Horror balm to my ears
Never one to give a critic's opinion much credence, I always find it encouraging when I'm at odds with a NOW reviewer, and consequently was delighted to read Jon Kaplan's review of the Rocky Horror Picture Show (NOW, April 5-11) and discover that I couldn't have disagreed more.
While I, too, was somewhat put off by the sound inaudibility (as Kaplan mentioned), apparently it interfered with Kaplan's ability to properly assess the one Rocky song performance that truly deserved to be lauded Frank 'n' Furter's I'm Going Home, sung by Adam Brazier.
Although I found the show itself at times mildly headache-inducing, I'm Going Home presents Brazier with the opportunity to really pour himself into it, and the much-needed release he provides is balm for the ears.
Front bike lane insane
It's nice to know that Europe is so far ahead of us on bike and transport issues (NOW, April 12-18).

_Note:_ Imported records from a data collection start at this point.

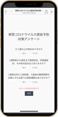 チェックイン時に、直近の体調や渡航歴等のアンケートを実施します。(事業者様がご希望されない場合外すことも可能)
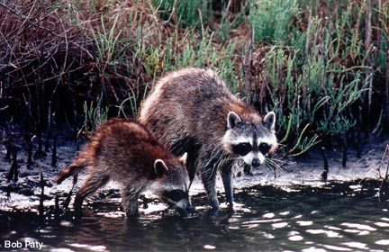 The raccoons around salt water marshes and lagoons in the coastal areas of Florida look much different than their upland cousins that live in woodland areas. Their fur is bleached from exposure to the sun and they look unkempt from prolong periods of remaining wet. These two were beside a canal where the mother was teaching her ofspring how to forage for food. |
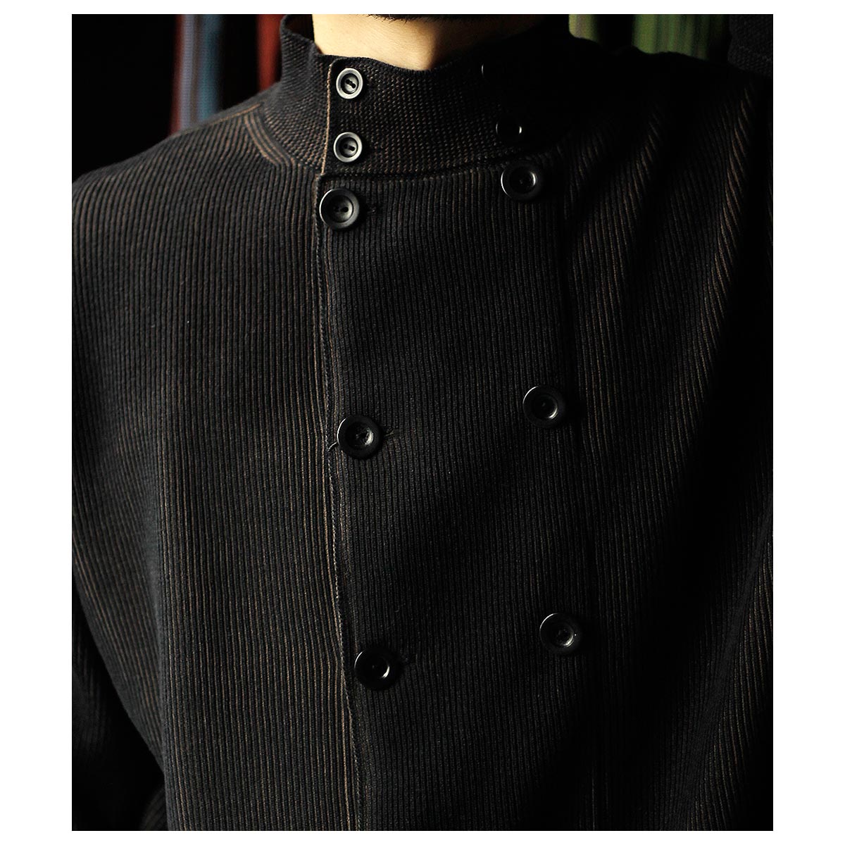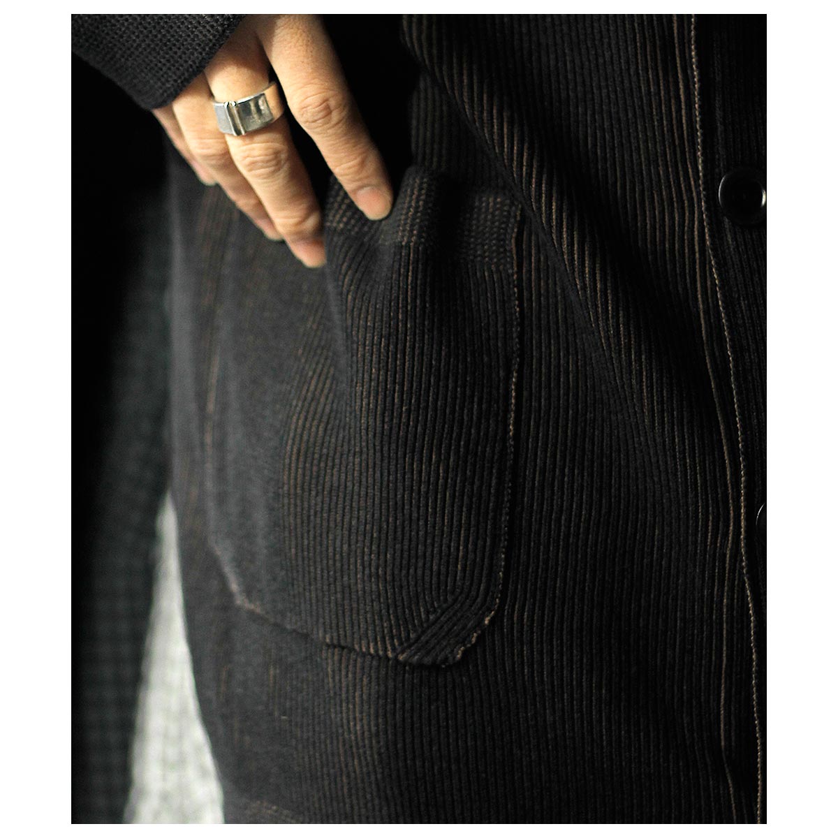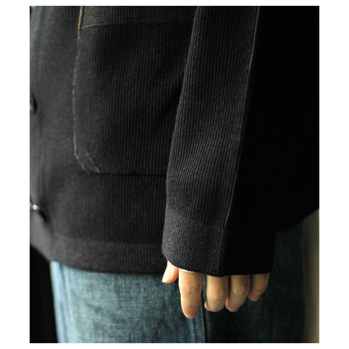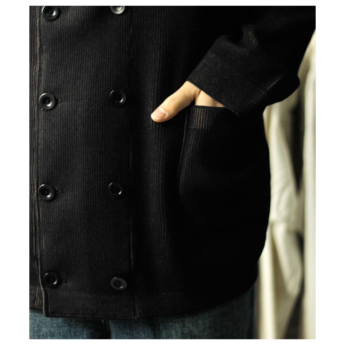 コットン100%糸を強撚加工し、ややざらっとしたタッチの両畦成形編み。100年前の度目を再現すべく、最後の切り札、ドイツ・ストール社の畦編機で今回ようやくヴィンテージのシッカリ感まで持ち込むことに成功。

But while I totally agree with your number-one choice for improving bike conditions a living legacy for Tooker [Gomberg] beside the Bloor/Danforth subway pushing for bike lanes on the car-based Front Street is bizarre.
Sure, there's a dire need for better east-west biking in the lower west core, but it's most likely, given the way we do bike lanes in T.O., that we'd just be dumped into industrial traffic at Bathurst anyway.
The dirt on mask filters
RE Fume Fever (now, april 12-18). Your "experts" give dubious advice about how to avoid smog when riding in Toronto. Do these folks even ride?

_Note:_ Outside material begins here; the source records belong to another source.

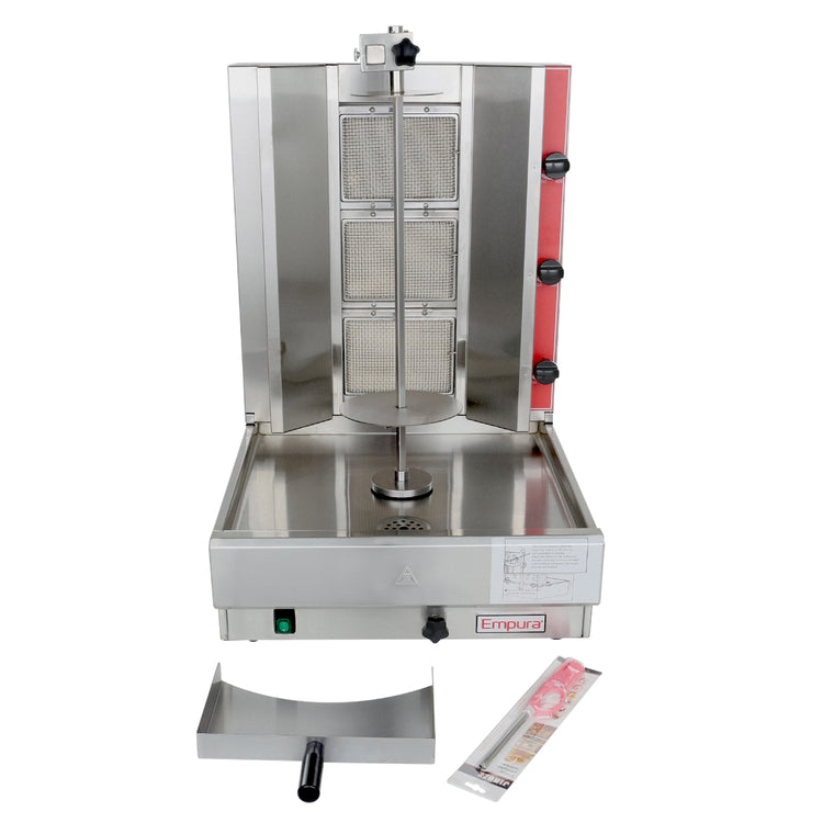 Empura, EGVB-65, Vertical Broiler (Gyro), Gas, 21"W x 23"D x 30"H, heavy duty motors, individually controlled infrared burners, power up to 9,500 btu for NG and 8,000 btu for LPG, stainless steel heat shield on both sides, 1/2" npt rear gas connection, distance can be adjusted between cooking spit and burners, continuous pilot for instant ignition of main burner, stainless steel oil collector, designed for high performance and consistent results, allows switching gas compatibility between natural gas and liquid propane(vice-versa), stainless steel structure, ETL, ETL Sanitation, cETLus, Tested and conforms to NSF/ANSI Std. 4, Empura Equipment
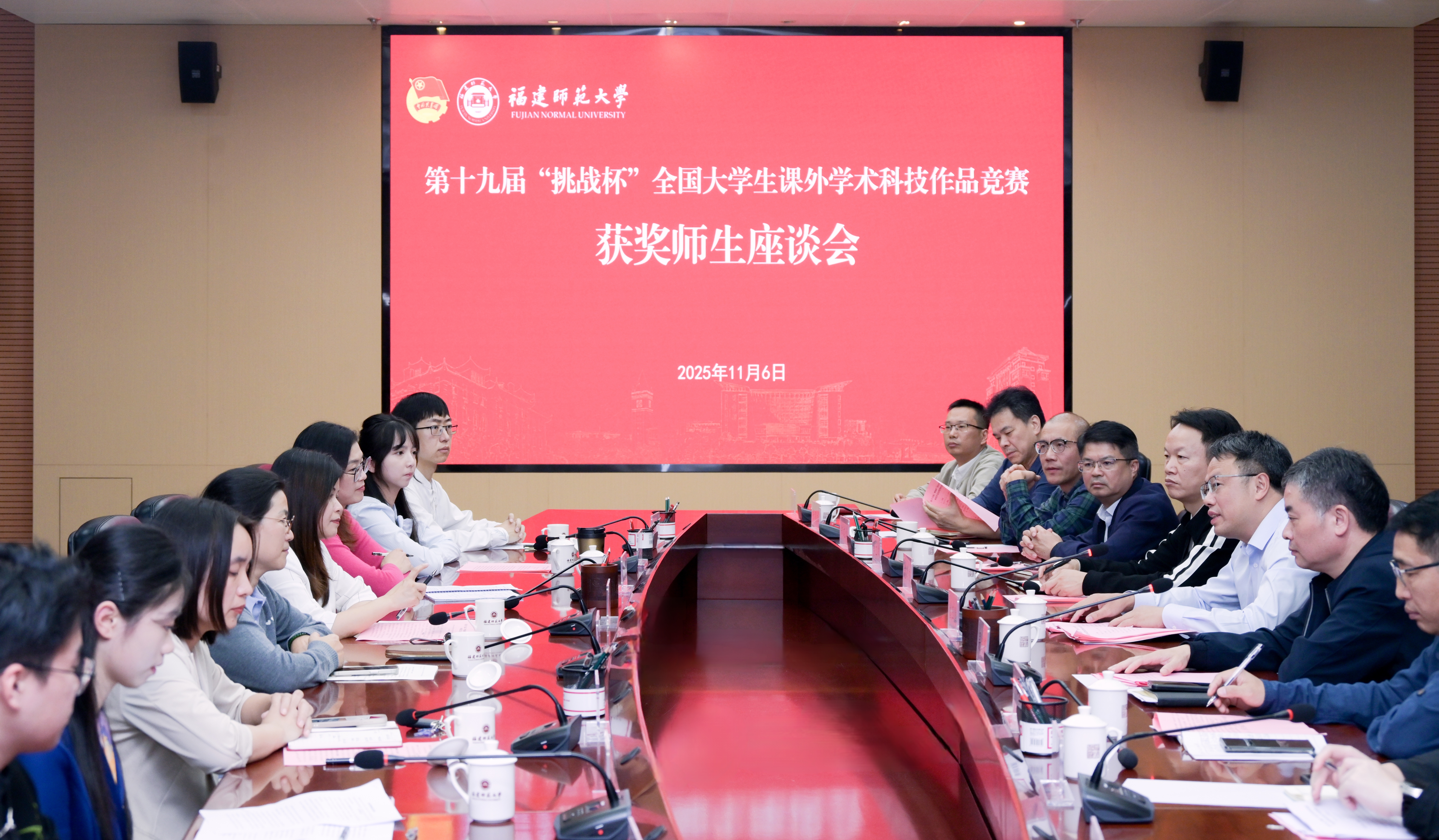 会议于11月6日在旗山校区召开。校党委书记潘玉腾,校党委副书记吴剑锋,党政办公室、宣传部、学工部、校团委等部门负责人,相关学院党政主要领导、分管学生工作负责人,以及获奖团队师生代表参加会议。座谈会由吴剑锋主持。
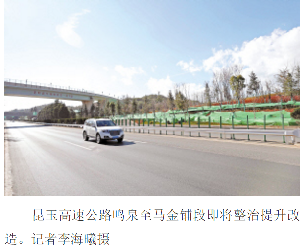 施工期间,昆明主城至呈贡、玉溪方向保留2条车道通行,玉溪、呈贡至昆明主城方向保留1条车道通行;施工路段沿线9座立交38个进出口封闭22个,保留16个。  病害严重亟待提升改造  昆玉高速公路鸣泉至马金铺段整治提升改造工程建设指挥部常务副指挥长彭伟介绍,昆玉高速于1999年4月17日建成通车,起于昆明市小板桥鸣泉村,止于玉溪市红塔区高仓村,全长85.71公里,是昆明市连接滇南方向的重要通道,也是昆明主城区通往呈贡区的第一快速通道。建成通车后,由昆玉高速公路开发有限公司进行运营管理。2017年7月15日24时,鸣泉至马金铺段取消收费,同时该段道路移交昆明市进行养护管理。  近年来,随着社会经济发展,交通出行需求大幅增加,昆玉高速承载着巨大的交通压力,特别是鸣泉至马金铺段免费通行后,车流大幅增加,交通通行压力尤为明显。据测算,2019年末,该段道路交通量接近10万辆/天,高峰小时交通量超过8000辆,远远超过原6万辆/天的设计标准。同时,鸣泉至马金铺段沿线货运场站集中,货车比例高,超限超载时有发生,加之该段道路穿越城市建成区,桥涵较多,管养维修难度较大等,致使道路出现路面龟裂、沉陷、坑槽、桥涵裂缝等病害,严重影响行车舒适性和安全性。  据悉,该段高速公路自建成20年来未进行过路面大修,根据公路现状病害实际,按照高速公路路面大修和危桥改造相关规范要求,为较为彻底、全面消除病害,根据工作安排部署,决定启动整治提升改造工程。  分幅施工先施工西半幅  本次实施的昆玉高速提升改造工程,起于经开区鸣泉立交,止于高新区马金铺立交,全长22.362公里。整治提升改造的内容主要包括路面整治提升改造、桥涵维修加固、交安设施完善优化等。计划于3月20日22时正式动工,工期控制在100天,计划6月下旬完工。  昆玉高速是昆明主城区连接呈贡区最为便捷的快速通道,为了尽量降低施工对交通的影响,同时确保施工安全和质量,工程施工采取分幅施工、双向保通(2+1)模式组织实施。昆玉高速为双向6车道,即以中央绿化带为界,先施工西半幅(下行线),另外半幅3个车道双向保通,西半幅施工完毕后进行导改。  施工期间,昆明主城至呈贡玉溪方向(下行线)保留2条车道通行,玉溪呈贡至昆明主城方向(上行线)保留1条车道通行。  高位统筹强化组织保障

Bruce Urch says we should use carbon filter masks and ride "away from traffic." To get anywhere quickly we have to use main streets, and that's also where most of the bike lanes are.
Adrien Bledstein recommends his own company's "honeycomb mask with a carbon filter."

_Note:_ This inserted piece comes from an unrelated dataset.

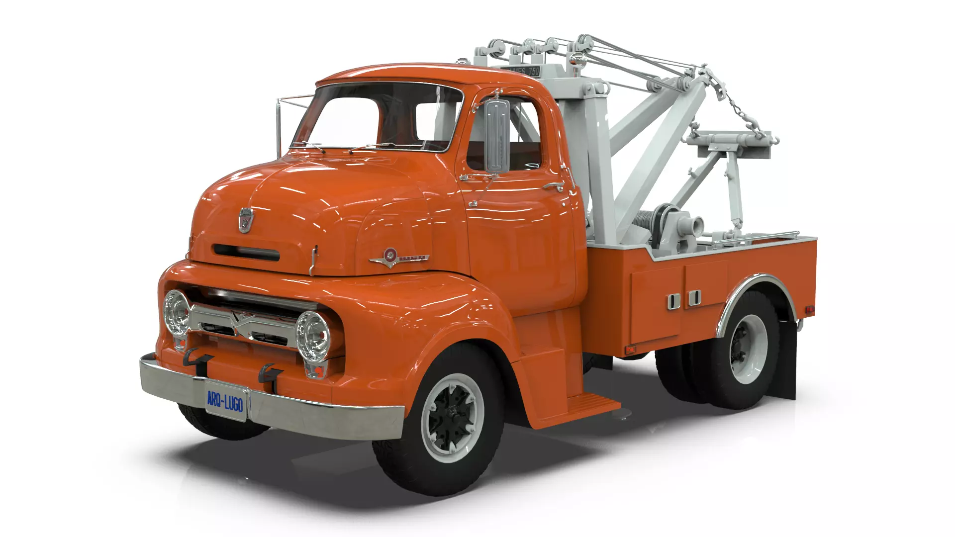 This meticulously crafted 3D model showcases a classic 1950s Cab-Over-Engine (COE) Tow Truck, featuring an authentic Holmes 750 wrecker system on a single axle chassis. Modeled in Blender from precise blueprints, this asset is optimized for digital projects including video games, architectural visualizations, film productions, and real-time simulations.
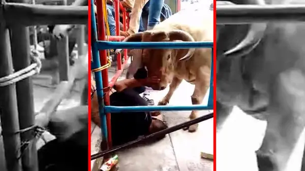 در یکی از میادین گاوبازی، یک تماشاگر به‌شدت توسط یک گاو مورد حمله قرار گرفت و با ضربات پی‌درپی به پشت و بدنش از حال رفت.

Eva Ligeti "would not rely on anti-pollution masks" and says "there's no escape" from smog.
When I was selling carbon filter masks at a well-known co-op, I found that all the masks that fit tightly on a cyclist's face restrict your breathing enough to make them a liability.
You end up sweating, starved for oxygen and have to slow down your pedalling.
They also don't provide a tight seal around the edges, so bad air leaks past the already dubiously thin carbon layer. They also cost about $60 a pop, and their expensive filters have to be exchanged after 30 hours of use.
I use a 3M filter mask from an auto paint store. It features a soft airtight rubber mask and two replaceable carbon filters that twist onto the sides. These bayonet mounts mean the filters can be put on in three different orientations, so you can give yourself good chin-to-shoulder clearance for traffic checks.
The whole kit costs $35, and you can replace filters after a year if you ride a lot. This is the only device I trust to filter Toronto air.
Jerzy Smokey Dymny
RE Heady Hate Stats (now , march 29-April 4). As a Jew, I am always surprised by the media's coverage of B'nai Brith's annual audit of anti-Semitic incidents in Canada. They're meaningless, because the total lumps together some serious but mostly trivial incidents.
B'nai Brith's hysterical message that the sky is falling is intended to raise the group's profile in the media and among those in the Jewish community who assume it is a major fighter for Jewish rights.